### TASK DATA ###

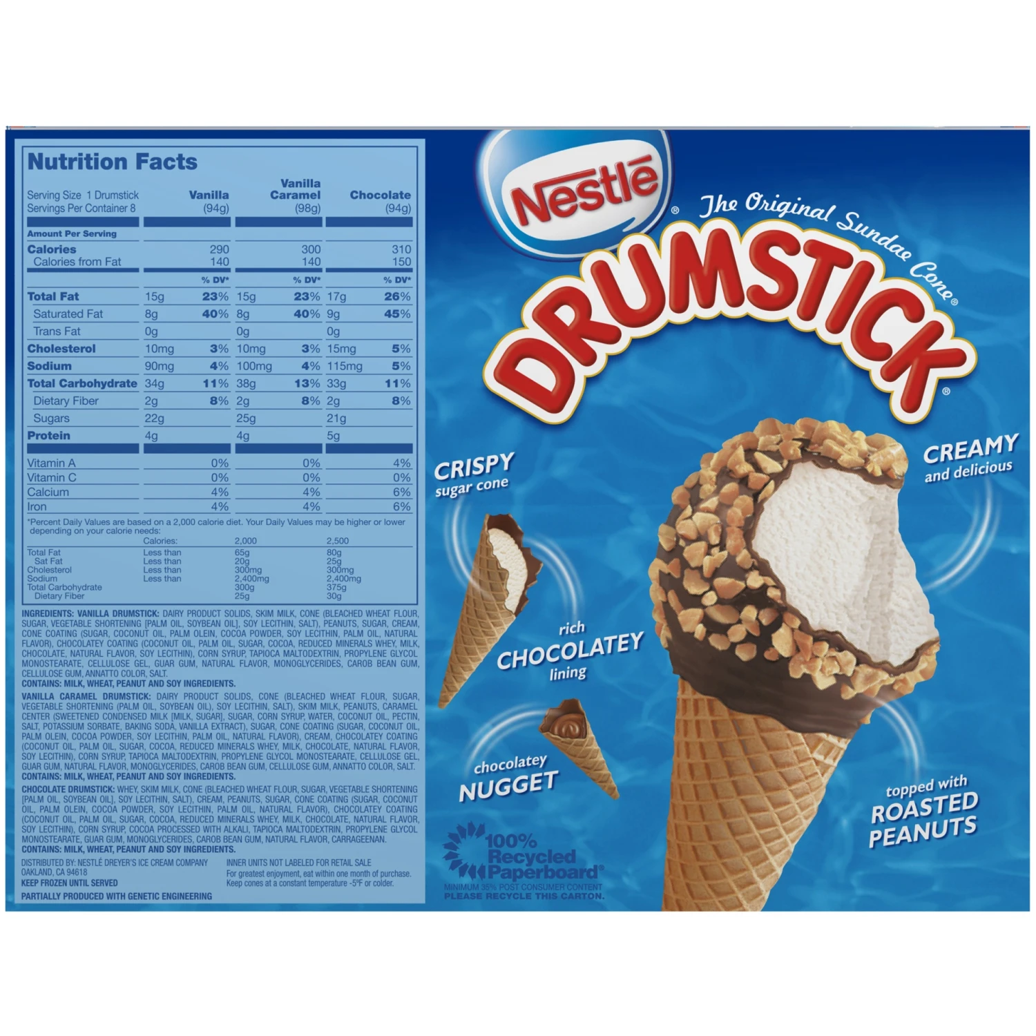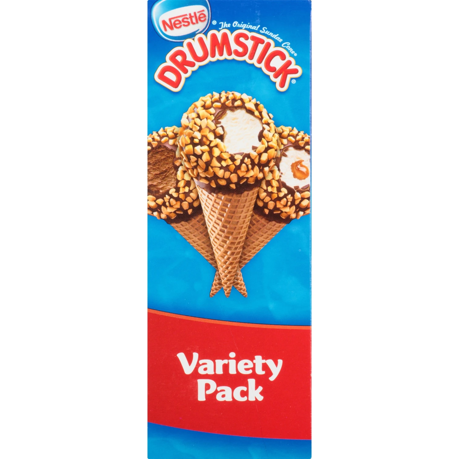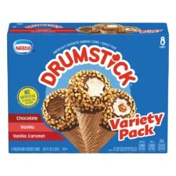 Drumstick Chocolate, Vanilla, Vanilla Caramel Cones Variety Pack features creamy chocolate or vanilla centers in a rich, crunchy, chocolatey dipped coating. Starting with a crispy waffle cone, indulge…
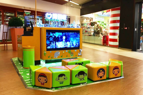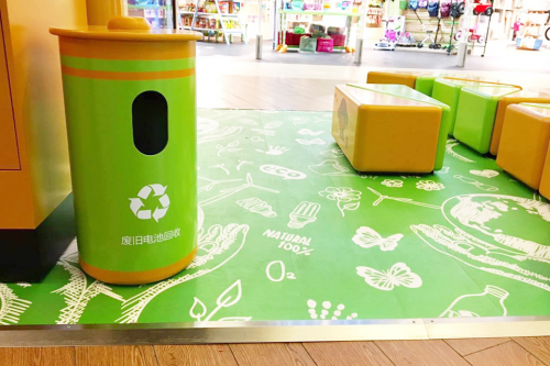 爱回收嘉里中心全新升级的环保办事站抛开固有“数码产品回收”的印象,从社会责任与品牌形象的角度展示爱回收的办事与理念。为了增加与儿童之间的互动体验,爱回收将店面近三分之一的区域设计为休息区,采用积木设计的卡通风儿童座椅和垫子,并配以电视荧幕播放儿童喜爱的节目。爱回收一方面希望孩子可以在商场内拥有一个固定的休闲区域,也喜欢借由孩子休闲娱乐的同时,通过绿色电池回收桶引导儿童回收废旧电池,从小培养环保意识。
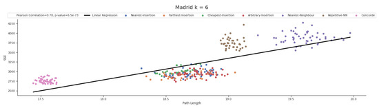 Interested readers can find all plots in Appendix B. However, for the sake of clarity, let us illustrate this result by discussing the case of the Madrid dataset with , depicted in Figure 4. In the figure, the positive correlation is apparent. In addition, it is clear that heuristics tend to form clusters. In a nutshell, the best heuristic is Concorde, followed by the insertion family of methods (i.e., Nearest Insertion, Furthest Insertion, Cheapest Insertion, and Arbitrary Insertion), followed by Repetitive Nearest Neighbor and Nearest Neighbor.
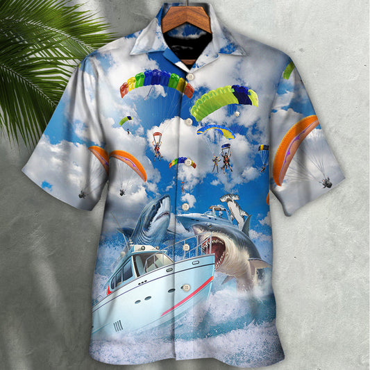 Parasailing Let's Fly Away With Shark - Hawaiian Shirt
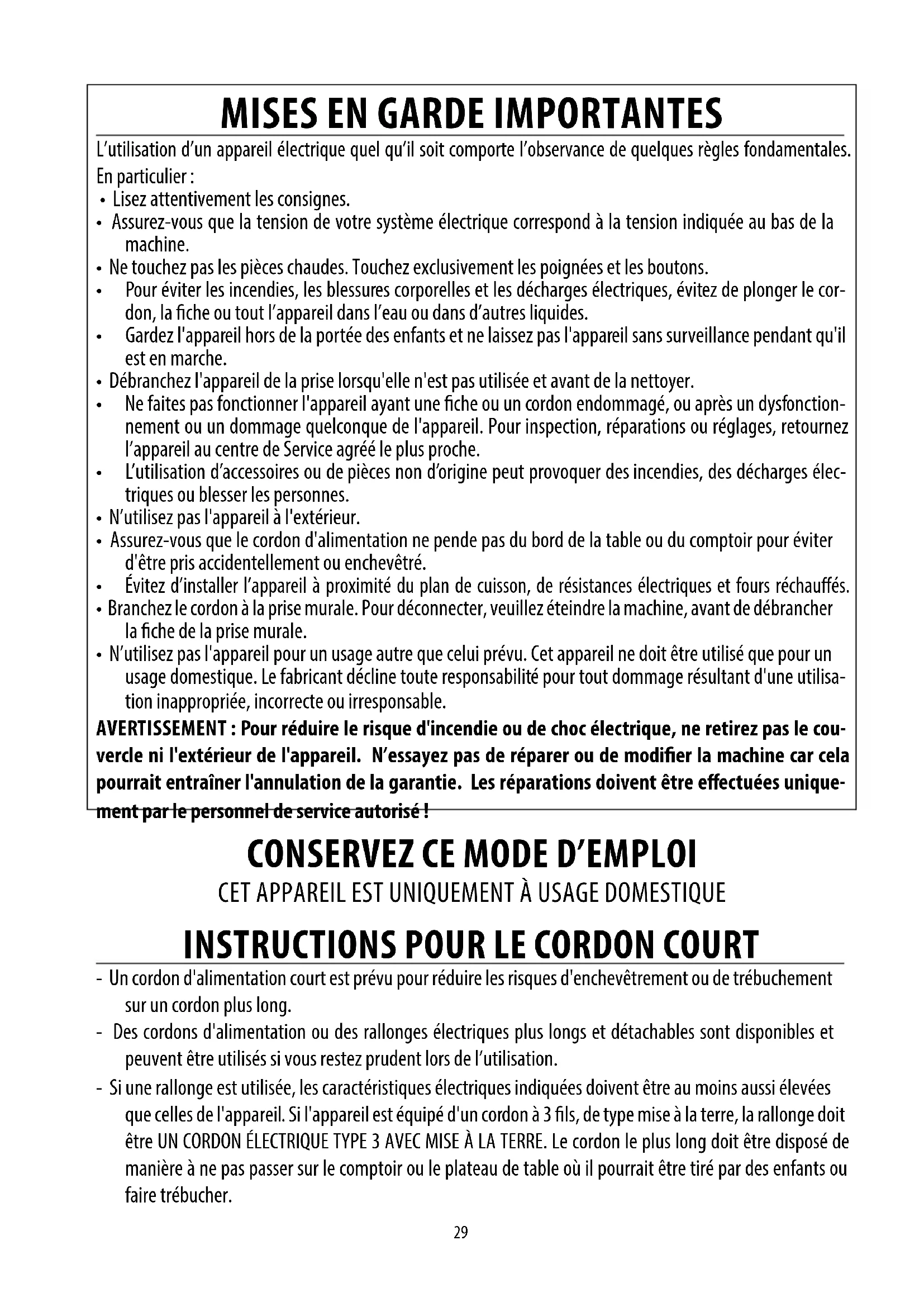 - Un cordon d'alimentation court est prévu pour réduire les risques d'enchevêtrement ou de trébuchement sur un cordon plus long. - Des cordons d'alimentation ou des rallonges électriques plus longs et détachables sont disponibles et peuvent être utilisés si vous restez prudent lors de l’utilisation. - Si une rallonge est utilisée, les caractéristiques électriques indiquées doivent être au moins aussi élevées que celles de l'appareil. Si l'appareil est équipé d'un cordon à 3 ls, de type mise à la terre, la rallonge doit être UN CORDON ÉLECTRIQUE TYPE 3 AVEC MISE À LA TERRE. Le cordon le plus long doit être disposé de manière à ne pas passer sur le comptoir ou le plateau de table où il pourrait être tiré par des enfants ou faire trébucher.30
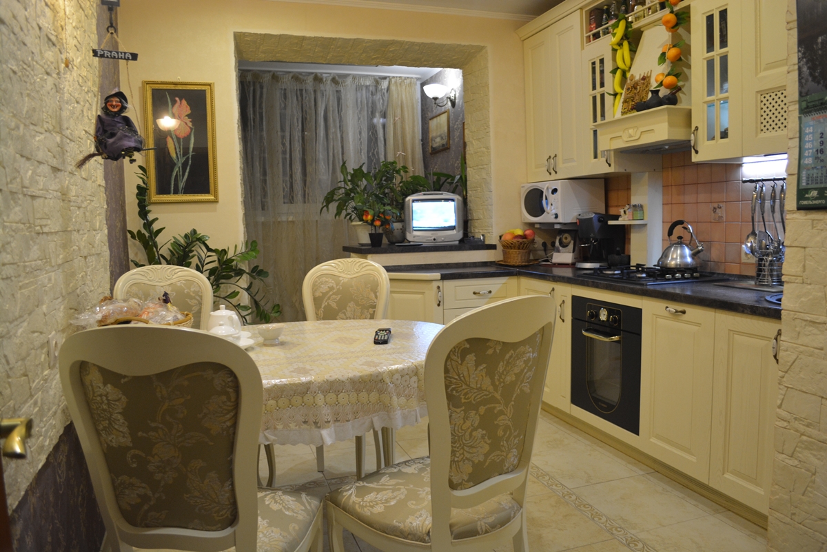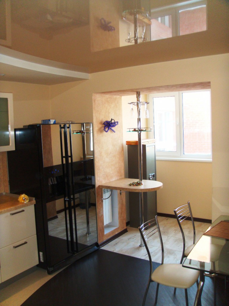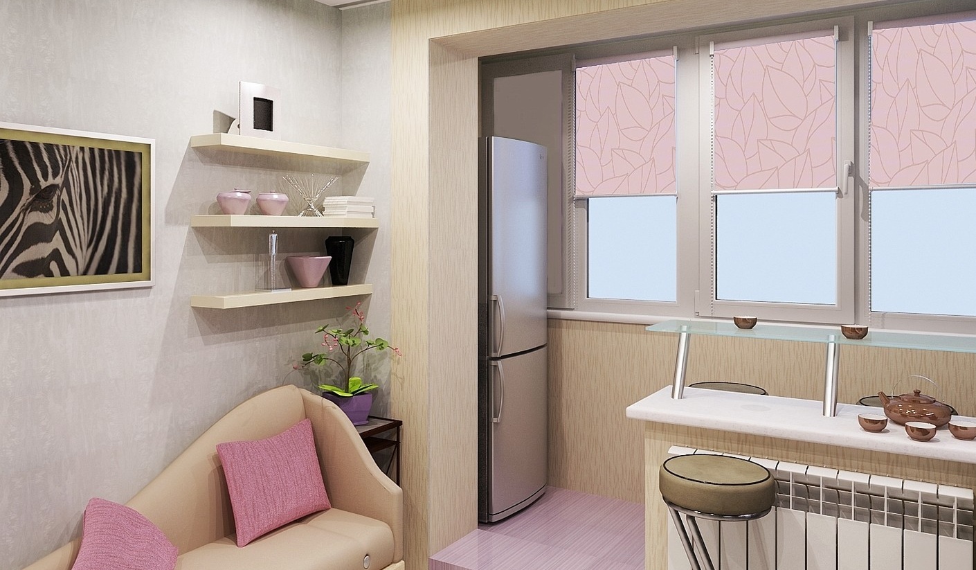 E então o suficiente para aquecer, envernizar a galeria e destruir a parede, e depois fazer reparos cosméticos. Como resultado, a cozinha será mais do que alguns metros quadrados e você pode usá-los como quiser. Até mesmo realize comunicações e faça-as funcionar.
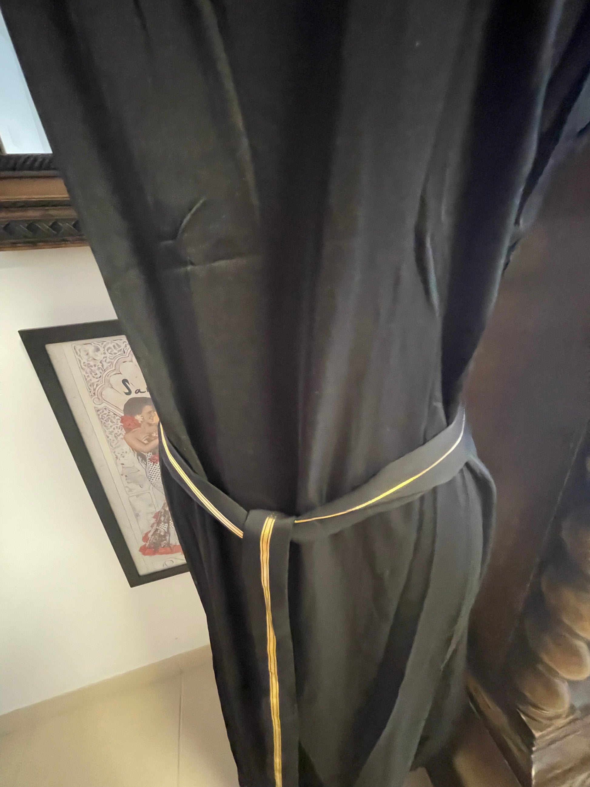 Incredible two piece sheath dress with optional belt and long volumous kimono with ornate detail and tassels … the kimono is also lined
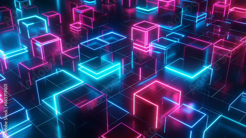 Glowing neon cubes arranged in a dynamic and futuristic pattern.
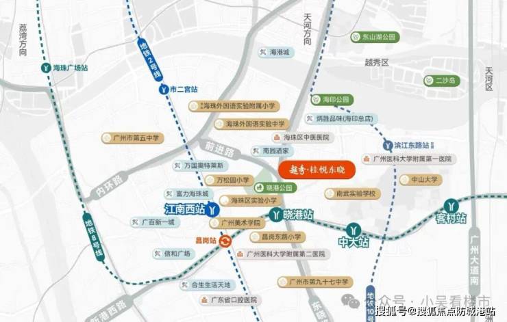 项目距离8号线晓港站约700米,步行过去大概11分钟左右,乘坐8号线可直达老荔湾、琶洲、客村等地,也可1个站到昌岗换乘2号线,到南站和越秀等都也很方便,3站到客村换乘3号线可达珠江新城等商圈。
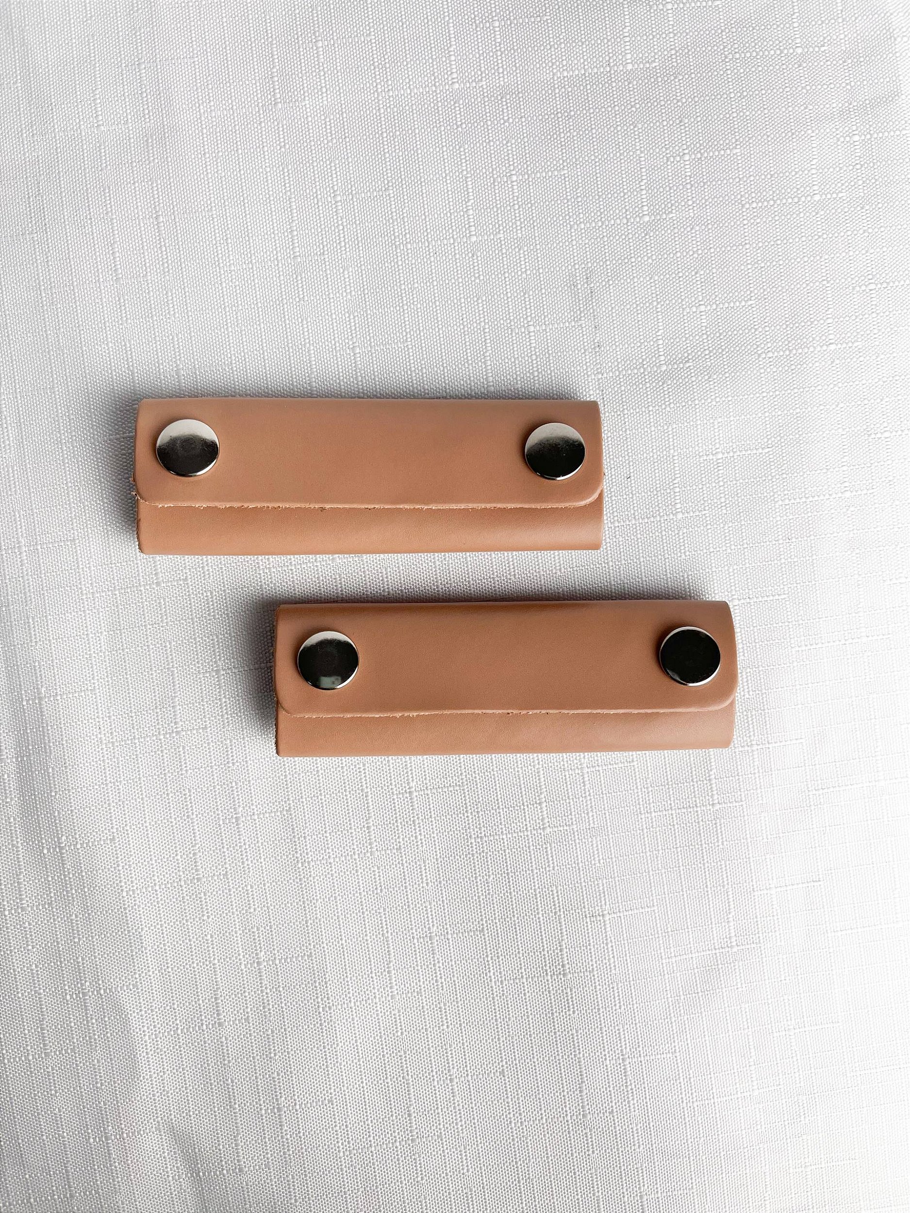 Apoio de Mão p/ Alça Couro Legítimo 3,5x10cm - Caramelo Claro/Niquel
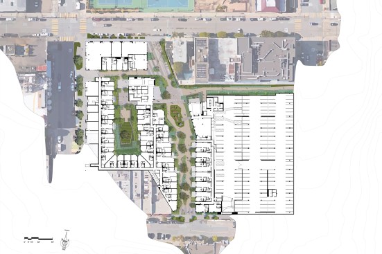 A few years ago, when David Baker Architects began work on Mason on Mariposa, a mixed-use project in the Potrero Hill neighborhood of San Francisco, it marked a return to the firm’s past. Directly across the street from the new site, in the 1990s, the San Francisco–based firm had completed its g2 Lofts, transforming an abandoned railroad tunnel into a sloped collection of lofts and apartments. That project began with an unexpected discovery: an underground creek hidden below the rail line. “We dug a hole and there was this giant pipe, which was not on any of the maps because they put it down in the 19th century,” says DBA founding principal David Baker, FAIA.
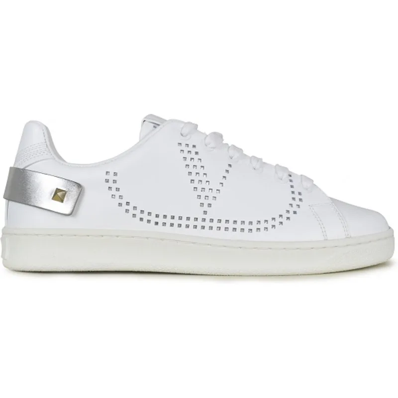 Valentino Backnet sneakers van wit leer.Decoratieve afneembare zilveren tong aan de achterkant.Decoratief geperforeerd logo.Vetersluiting.Gemaakt in Italië.
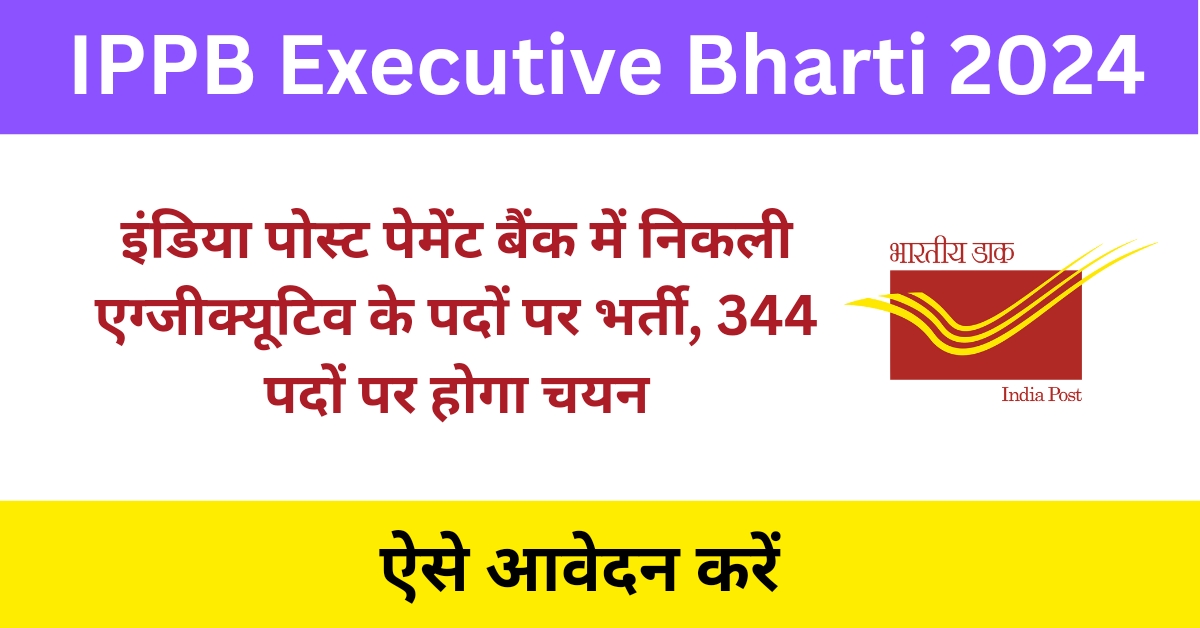 इंडिया पोस्ट पेमेंट बैंक एग्जीक्यूटिव पदों पर आवेदन के लिए पात्र एवं इच्छुक उम्मीदवार इस भर्ती के लिए ऑनलाइन माध्यम से आवेदन फॉर्म भर सकते हैं। इस आर्टिकल में हम आपको IPPB Executive Bharti 2024 से सबंधित सभी जानकारी प्रदान करने वाले हैं तो आप इस आर्टिकल को अंत तक अवश्य पढ़े।
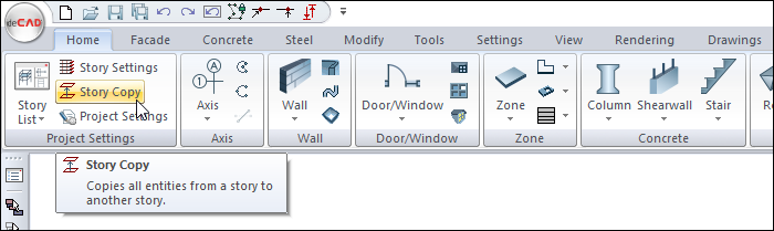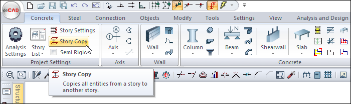 The Story copy command copies objects from one story to another story or stories. In architectural or structural project design, all objects on the story can be copied, as well as only selected objects.
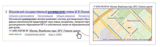 , что к сайту можно привязать большое число адресов, включая филиалы или точки продаж: «В результатах поиска пользователь увидит адрес, соответствующий его местоположению или запросу». Сейчас такая возможность работает в бета-тестировании: добавлять контакты организации могут только сайты, ТИЦ которых выше 10. Мягкое ограничение, поэтому скорее всего Яндексу придется обрабатывать большое количество заявок даже в период бета-тестирования.
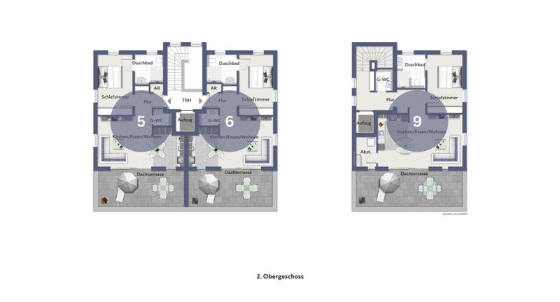 Im Dachgeschoss entfalten die Zwei-Zimmer-Wohnungen mit etwa 65 bzw. 83 m² ihren besonderen Charme. Sie schenken den Bewohnern nicht nur durchdachte Grundrisse, sondern auch großzügige Dachterrassen, die wie private Oasen wirken und ein unvergleichliches Gefühl von Freiheit vermitteln.
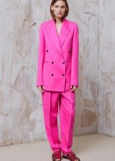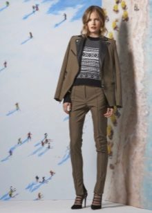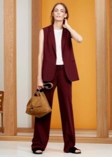 A two-piece suit made of classic straight-leg trousers with arrows and a dark-brown double-breasted jacket will be a very stylish and unusual option.
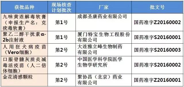 藥物臨床試驗(yàn)數(shù)據(jù)現(xiàn)場核查計(jì)劃公告(第2號(hào))中的第一批自查也有受理號(hào)同樣也是在2016年9月獲批,為大連雅立峰生物制藥有限公司的人用狂犬病疫苗(Vero細(xì)胞)(國藥準(zhǔn)字S20160003)、中國醫(yī)學(xué)科學(xué)院醫(yī)學(xué)生物學(xué)研究所的口服脊髓灰質(zhì)炎減毒活疫苗(人二倍體細(xì)胞)(國藥準(zhǔn)字S20160002)和聚協(xié)昌(北京)藥業(yè)有限公司的金花清感顆粒(國藥準(zhǔn)字Z20160001)。

###

◆ **YOUR INSTRUCTIONS**:
The lines from the beginning of the listing above through the line holding "Parasailing Let's Fly" are to be duplicated exactly, and the pictures omitted.

◆ **ANSWER AREA**:
 Drumstick Chocolate, Vanilla, Vanilla Caramel Cones Variety Pack features creamy chocolate or vanilla centers in a rich, crunchy, chocolatey dipped coating. Starting with a crispy waffle cone, indulge…
 爱回收嘉里中心全新升级的环保办事站抛开固有“数码产品回收”的印象,从社会责任与品牌形象的角度展示爱回收的办事与理念。为了增加与儿童之间的互动体验,爱回收将店面近三分之一的区域设计为休息区,采用积木设计的卡通风儿童座椅和垫子,并配以电视荧幕播放儿童喜爱的节目。爱回收一方面希望孩子可以在商场内拥有一个固定的休闲区域,也喜欢借由孩子休闲娱乐的同时,通过绿色电池回收桶引导儿童回收废旧电池,从小培养环保意识。
 Interested readers can find all plots in Appendix B. However, for the sake of clarity, let us illustrate this result by discussing the case of the Madrid dataset with , depicted in Figure 4. In the figure, the positive correlation is apparent. In addition, it is clear that heuristics tend to form clusters. In a nutshell, the best heuristic is Concorde, followed by the insertion family of methods (i.e., Nearest Insertion, Furthest Insertion, Cheapest Insertion, and Arbitrary Insertion), followed by Repetitive Nearest Neighbor and Nearest Neighbor.
 Parasailing Let's Fly Away With Shark - Hawaiian Shirt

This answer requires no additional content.